*** Entries supplied ***
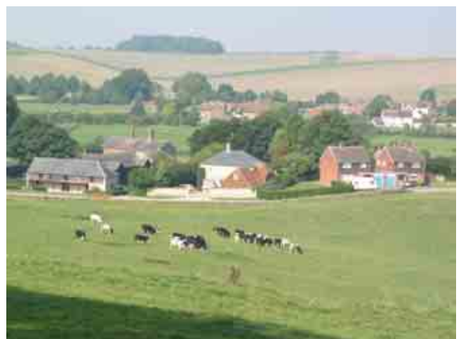
Different styles of building in Brunton

Of the three settlements only Brunton retains something of the feeling of living in the midst of a working agricultural village and still enjoys something of the feel of a peaceful backwater. Nearly all the settlement lies within a Conservation Area and has suffered little from intrusive development. Indeed it has exemplars, at the foot of Tinkerbarn Hill, of the successful conversion of redundant farm buildings to residential use, sitting comfortably alongside a sympathetically considered new construction. Another example of a conversion lies opposite Brunton Farm House. Brunton House itself is the highest status building in the settlements and is probably the only one designed by an architect pre 20 th Century. Again under the restrictions of policy HC24 the constraints of the settlement limits as defined by the existing built line would seem to preclude much opportunity for further infilling.
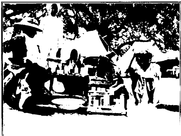
A TRAVELLING MISSION DISPENSARY, WESTERN INDIA
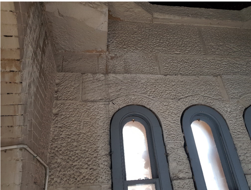
Figure 14: Diagonal Cracking Through Bed Joints Above Windows
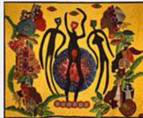
Circle of Sacred Sisters
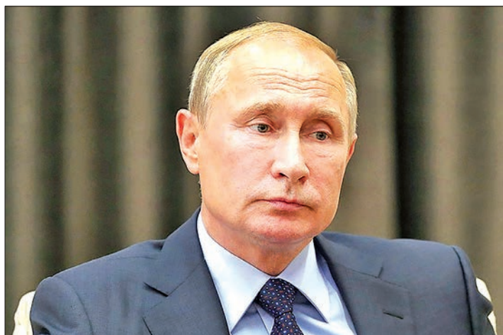
Russian President Vladimir Putin.
*** End of Entries supplied ***
The problem>
With the pictures dropped, give every entry above again exactly.

Your solution>
Different styles of building in Brunton

Of the three settlements only Brunton retains something of the feeling of living in the midst of a working agricultural village and still enjoys something of the feel of a peaceful backwater. Nearly all the settlement lies within a Conservation Area and has suffered little from intrusive development. Indeed it has exemplars, at the foot of Tinkerbarn Hill, of the successful conversion of redundant farm buildings to residential use, sitting comfortably alongside a sympathetically considered new construction. Another example of a conversion lies opposite Brunton Farm House. Brunton House itself is the highest status building in the settlements and is probably the only one designed by an architect pre 20 th Century. Again under the restrictions of policy HC24 the constraints of the settlement limits as defined by the existing built line would seem to preclude much opportunity for further infilling.
A TRAVELLING MISSION DISPENSARY, WESTERN INDIA
Figure 14: Diagonal Cracking Through Bed Joints Above Windows
Circle of Sacred Sisters
Russian President Vladimir Putin.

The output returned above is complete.